A Comissão para a Igualdade e contra a Discriminação Racial quer processar uma empresa turística algarvia por discriminação, por alegadamente obrigar os clientes de etnia cigana a pagar cauções até 10 mil euros para arrendar casas de férias.
Em causa estão as condições de arrendamento estipuladas pela empresa de actividades turísticas e imobiliárias Silmar, que incluem uma cláusula que estipula, apenas para os clientes de etnia cigana, o pagamento de uma caução de cinco mil euros para apartamentos e de 10 mil para vivendas.
Em declarações à Lusa, Bruno Gonçalves, conselheira daquela comissão, defendeu que a cláusula viola a Constituição e acusa a empresa de «racismo vergonhoso e descarado».
«Conheço casos de racismo subtil, mas da forma como está escrito, não há desculpa para aquilo», referiu, acrescentando que a comissão pode aplicar à empresa uma multa cujo valor pode atingir dez ordenados mínimos nacionais.
A Comissão para a Igualdade e contra a Discriminação Racial, dirigida pelo Alto-Comissariado para a Imigração e Diálogo Intercultural (ACIDI) é o órgão em Portugal dotado de competência para acompanhar a aplicação da legislação de combate ao racismo e à discriminação racial.
Aquela organização quer ainda processar a empresa e, segundo Bruno Gonçalves, se o caso não ficar resolvido nos tribunais portugueses, pode ser apresentada queixa no Tribunal Europeu dos Direitos Humanos.
Contactado pela Lusa, o gerente da Silmar, com casas para férias em Vilamoura, Quarteira e Albufeira, recusou que aquela cláusula seja racista, explicando que é uma forma de «proteger os bens» das casas.
«Quem está a ver isto como discriminação, está a ver pela óptica errada.

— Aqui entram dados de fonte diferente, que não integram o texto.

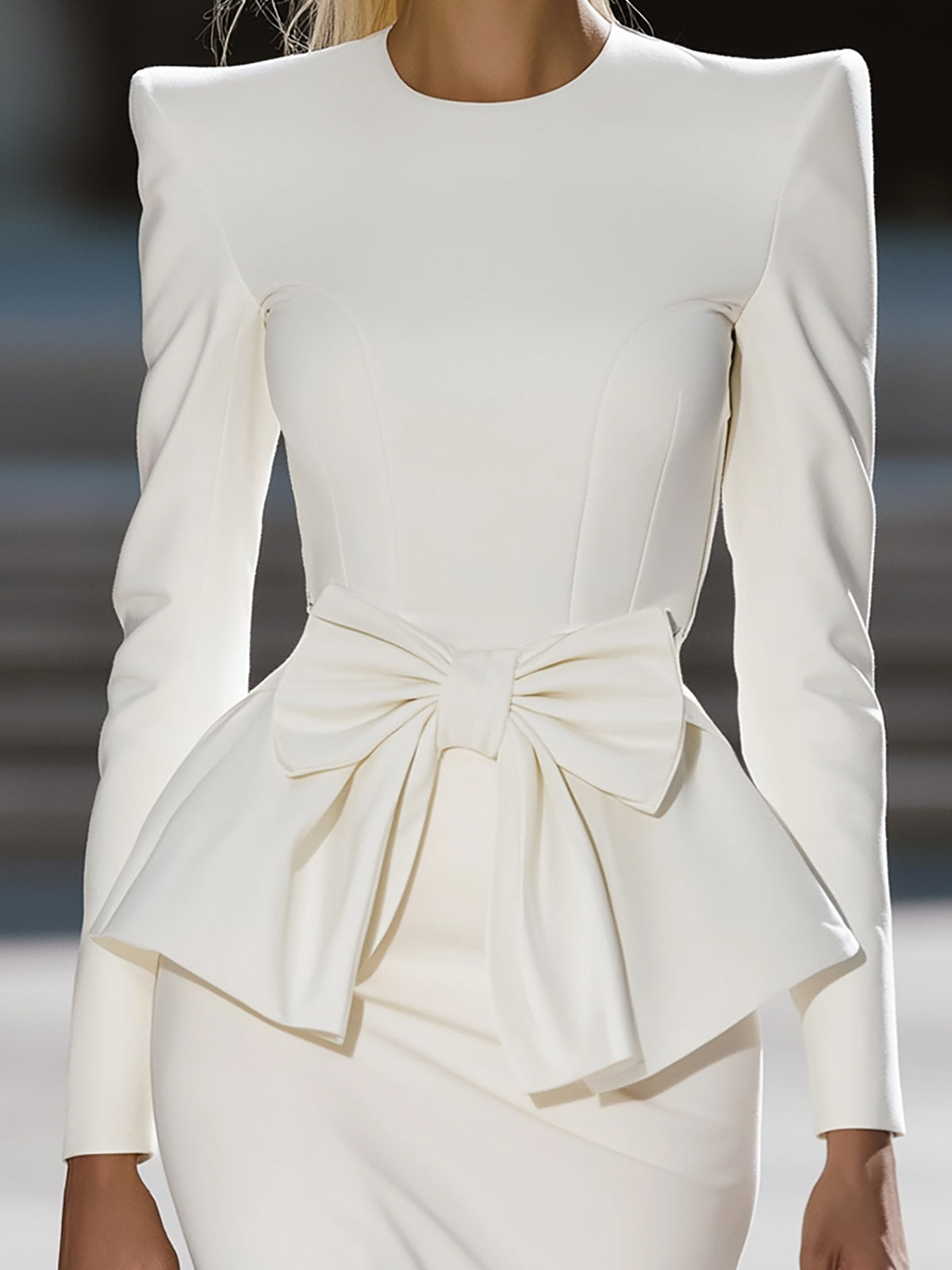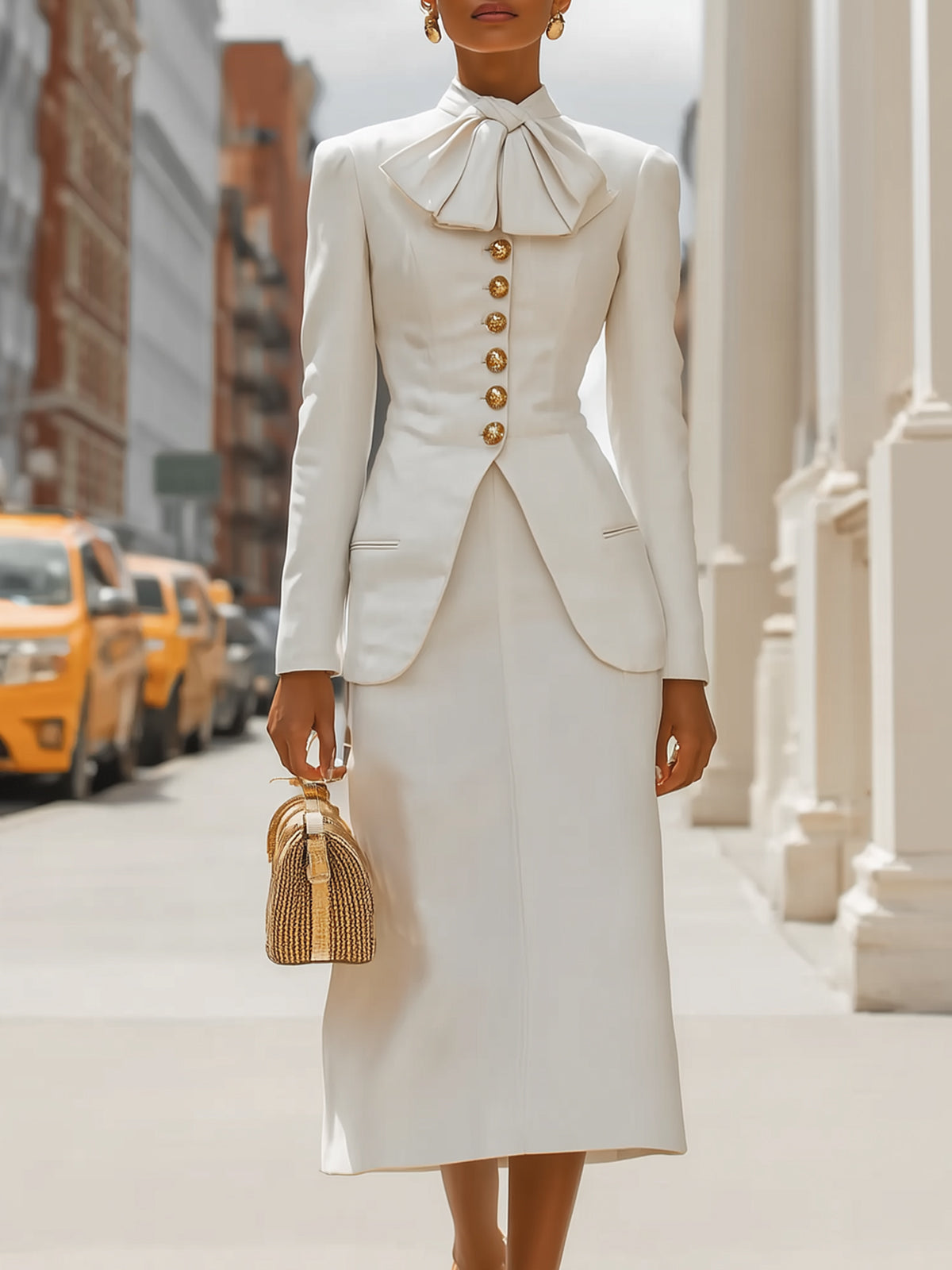 Off-white Bow-decorated Short Top With Slit Long Skirt Suit
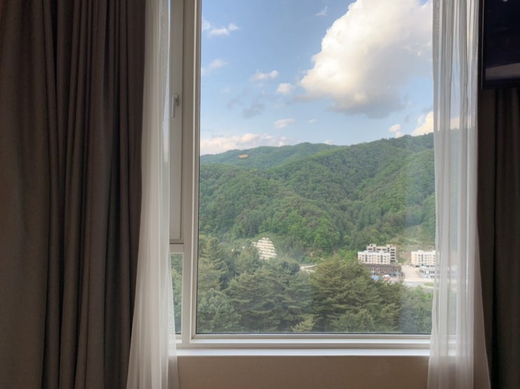 평창 더 화이트 호텔 스탠다드 더블룸 지금 보이는 창밖 풍경은 5월 말입니다. 이제야 기록을 하네요^^ 창...
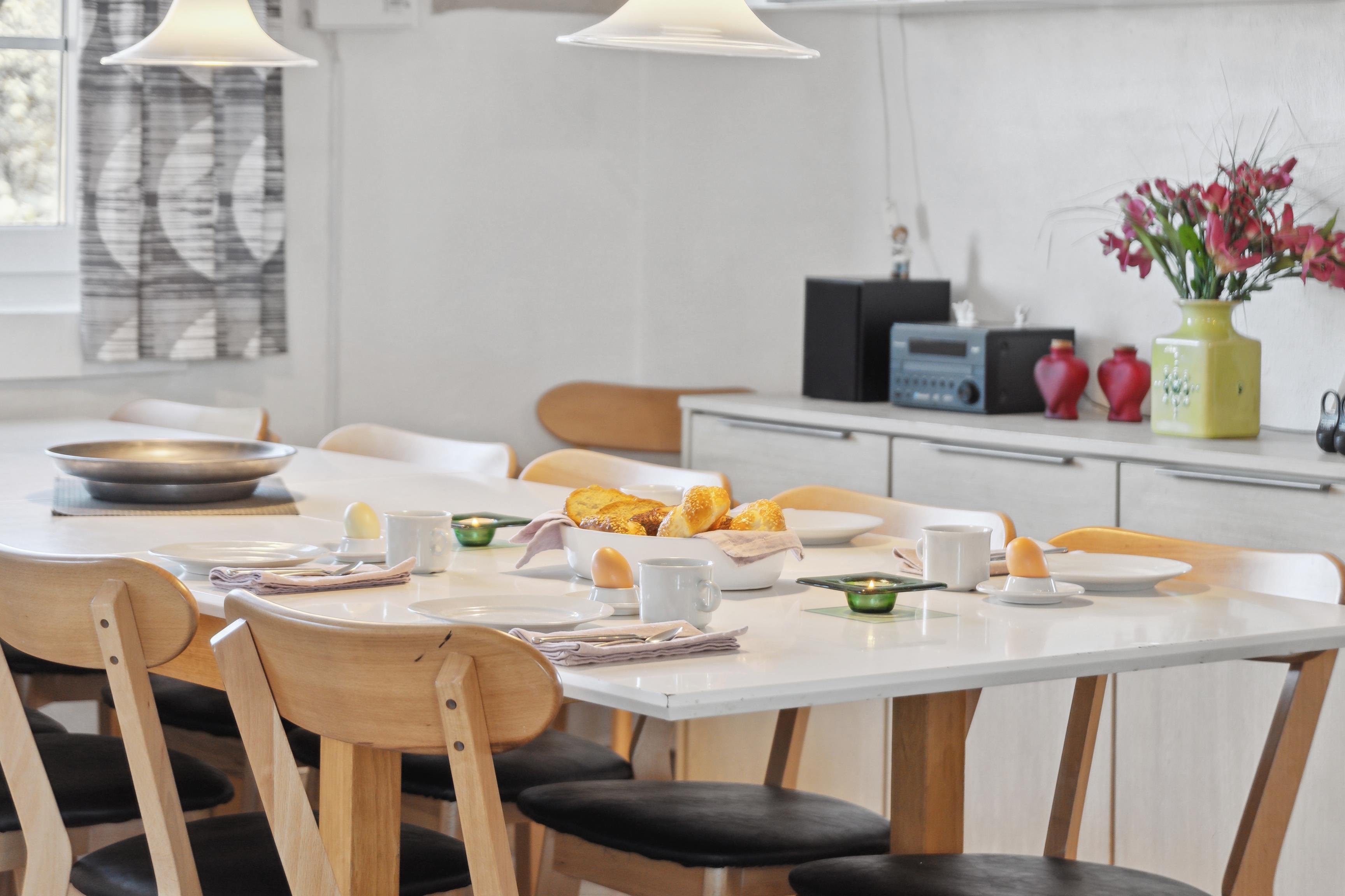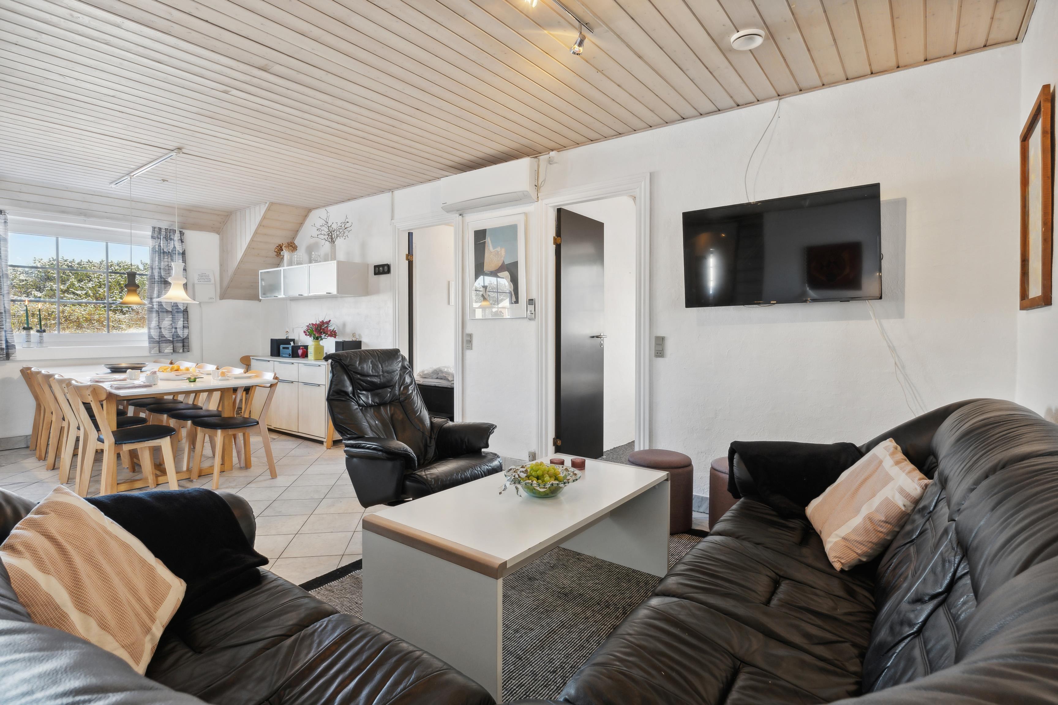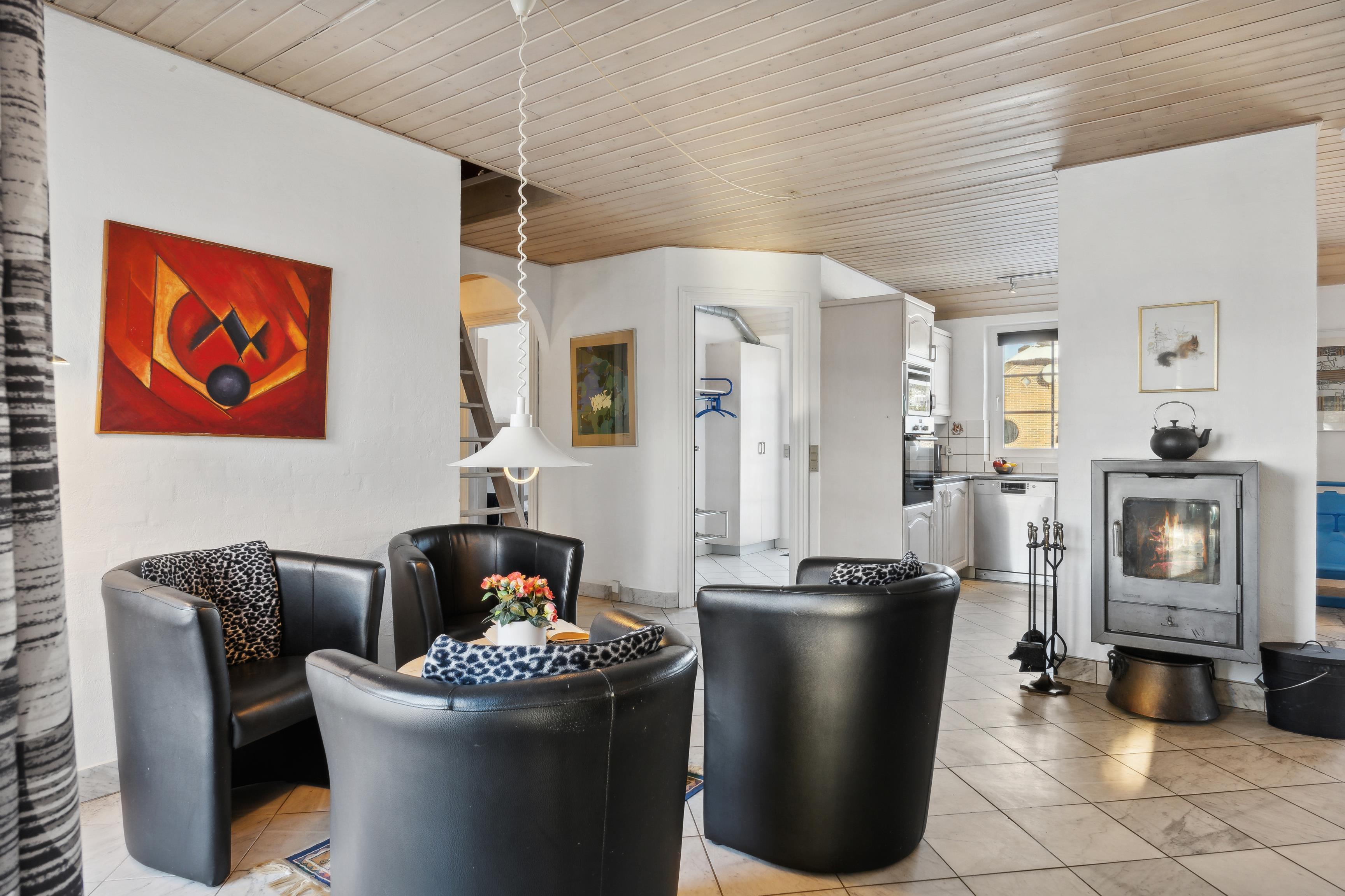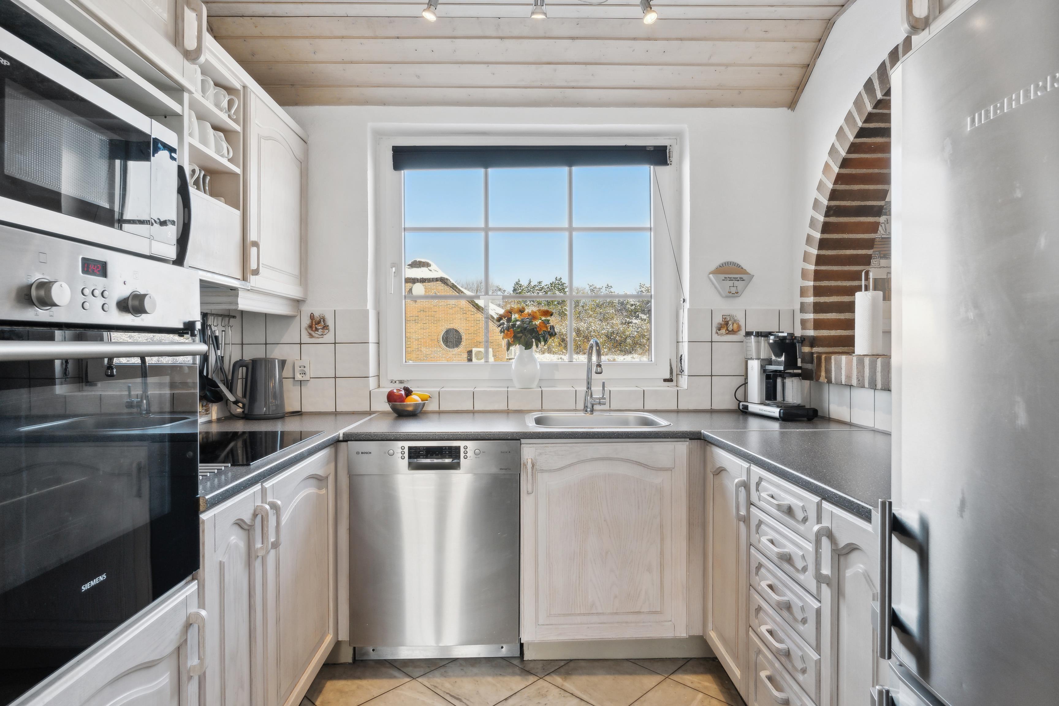 Køkkenet er fuldt udstyret med alt, hvad du behøver, herunder opvaskemaskine, ovn, køleskab og en rummelig fryser. Derudover står vaskemaskine og tørretumbler klar til din bekvemmelighed. I opholdsstuen kan du slappe af foran TV’et. Et bordfodboldbord sørger for underholdende stunder og venlig konkurrence.

Nós não estamos a dizer que não alugamos a pessoas de etnia cigana, estamos apenas a defender os bens dos proprietários das casas», defende.
Segundo Fernando Rebelo, a cláusula entrou em vigor há cerca de dois anos, depois de alguns episódios com famílias ciganas, que chegaram a levar das casas algumas peças de mobiliário e até electrodomésticos.
A cláusula fixada para elementos da comunidade cigana baseia-se no valor do recheio das casas, embora a caução fixada para os restantes clientes seja apenas entre 100 e 500 euros.
«Por causa de um comportamento errado de uma família, não se pode meter a comunidade cigana toda no mesmo saco», critica Bruno Gonçalves, também membro da organização SOS Racismo.
Fernando Rebelo acrescenta que a empresa também não aluga casas a jovens com menos de 30 anos, situação que também podia ser considerada discriminação, mas que é igualmente uma forma de «precaver os bens dos proprietários».
Bruno Gonçalves diz pretender que a empresa seja «bem multada», o que funcionará como uma «forma de educar as pessoas».
Contactado pela Lusa, o presidente da Associação de Hotéis e Empreendimentos Turísticos do Algarve (AHETA), disse não conhecer a empresa em causa, mas lembrou que em Portugal já não é permitido aplicar cláusulas que possibilitem a rejeição de um cliente.
«Nos empreendimentos turísticos hoteleiros não conheço situações deste género.
Em Portugal reservar o direito de admissão já não existe», explicou Elidérico Viegas.